De minha parte , o que me diverte mesmo é mulher. Você não quer hoje ir comigo ver... umas “damas da noite”?

Aos poucos, ia Fred ganhando uma certa intimidade com o rapaz, que já lhe fazia algumas confidências. Na verdade aquele tipo era um desafio para o universitário. Entender os motivos de um comportamento tão estranho era realmente uma grande oportunidade de pesquisa.

Era entusiasmado com a possibilidade de percorrer as sinuosidades daquela mente, ou melhor, perseguir os fantasmas que povoavam aquele espírito e trabalhar o fim deles.

Numa das idas à casa de Madame Zenilda, Fernando saiu transtornado e acabou revelando para o amigo um segredo muito guardado.

Sentados à mesa de um bar, ele ia contando com certo constrangimento : “Tenho muita dificuldade nos relacionamentos, principalmente com “ mulheres da vida”. E o pior é que todas as vezes que tento uma aproximação carnal, a mulher desnuda, o convite exaltado....é como se eu estivesse olhando minha mãe e me invade uma repulsa...saio apressado e mais angustiado me torno.

- A que você atribui isso?

- - Não sei. Só lembro que , como eu sou o caçula, mamãe sempre teve um carinho especial comigo. Era uma mulher muito bonita. Até a minha pré- adolescência eu era um garoto muito religioso, mais do que todos de casa.

- - E isso não era bom?

- - Talvez não. Porque assim, os abalos e as vilanias assumem dimensões muito maiores do que para os outros.

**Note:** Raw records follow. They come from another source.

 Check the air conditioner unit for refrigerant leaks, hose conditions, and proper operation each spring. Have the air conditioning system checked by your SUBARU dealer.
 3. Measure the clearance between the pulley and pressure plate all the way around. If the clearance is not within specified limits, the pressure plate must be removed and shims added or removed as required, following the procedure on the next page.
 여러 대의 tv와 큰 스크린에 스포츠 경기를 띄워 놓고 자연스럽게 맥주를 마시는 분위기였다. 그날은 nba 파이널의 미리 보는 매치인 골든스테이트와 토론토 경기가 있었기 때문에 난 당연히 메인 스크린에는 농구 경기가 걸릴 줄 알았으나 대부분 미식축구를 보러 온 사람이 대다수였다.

- Acho que sofri muito mais que meus irmãos com os fatos que começamos a perceber sobre nossa mãe. Fiquei muito tempo chocado com o que presenciei um dia. Nunca tive coragem de relatar a ninguém. Aí, me tornei arredio, procurei o afastamento de quase tudo e você vê como é que eu sou. Ridicularizado.

- - Mas o que foi que você viu?

- - Nada mais nada menos do que minha mãe fazendo sexo com um homem que não era o meu pai. Ela nem percebeu que eu vi. E acho que havia outros ainda. Meu pai fingia não saber. Meus irmãos também. Mas eu me fechei. Desde então sou desmotivado para a vida.

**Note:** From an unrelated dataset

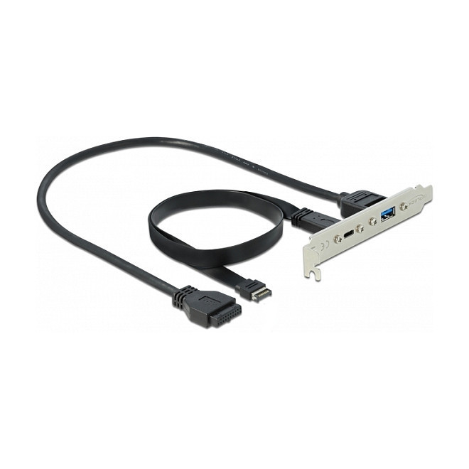 "DeLOCK Slot Bracket with 1 x USB Type-C and 1 x USB Type-A Port. Cable length: 0.5 m, USB version: USB 3.2 Gen 2 (3.1 Gen 2), Connector 1: USB C. Quantity per pack: 1 pc(s). Package type: Polybag. Country of origin: China"\n"With this slot bracket by Delock a PC can be extended by a USB Type-A and a USB Type-C™ port. At the USB Type-A port up to 5 V / 900 mA and a data transfer rate of up to 5 Gbps are available, at the USB Type-C™ port max. 20 V / 3 A and a data transfer rate of up to 10 Gbps."

- - E sua mãe procurava conversar com você e com seus irmãos?

- - Depois do que eu chamo “ mudança”, ela quase não conversava mais. Passou a sair amiúde, arrumada demais e com batom muito vermelho, coisa que até ali ela nunca fizera. Depois de algum tempo, ela sumiu , nós nem sabemos pra onde. Meu pai arranjou outra mulher e desde então, todos tentam fingir que está tudo bem.

- -Fernando, você deveria ter procurado ajuda. É certo que não é fácil essa situação, mas não é o fim do mundo. É preciso ter sabedoria para viver. Não podemos nos entregar, por mais complicadas que pareçam as circunstâncias. A vida é preciosa demais e única.

- Mas parece que estou mutilado. É como me sinto. Devo ser culpado por não ter forças pra me erguer.

- - Não. Seja como for, o que importa é estar vivo. É preciso lutar contra qualquer forma de aprisionamento, seja ele mental, emocional ou físico . É importante não se sentir tão culpado, porque há sentimentos que são involuntários. O que conta é o que a gente faz com esses sentimentos.

- -É. Será que ainda há esperança pra mim? Vou meditar sobre tudo o que você me disse.

- -Sim. E não nos esqueçamos de buscar Ajuda Divina. Quando quiser, podemos trocar idéias.

- E com um tapinha no ombro do amigo, Fred ainda concluiu:

- - A noite chega, homem, mas o sol continua a existir e aparecerá em seguida. É só esperar!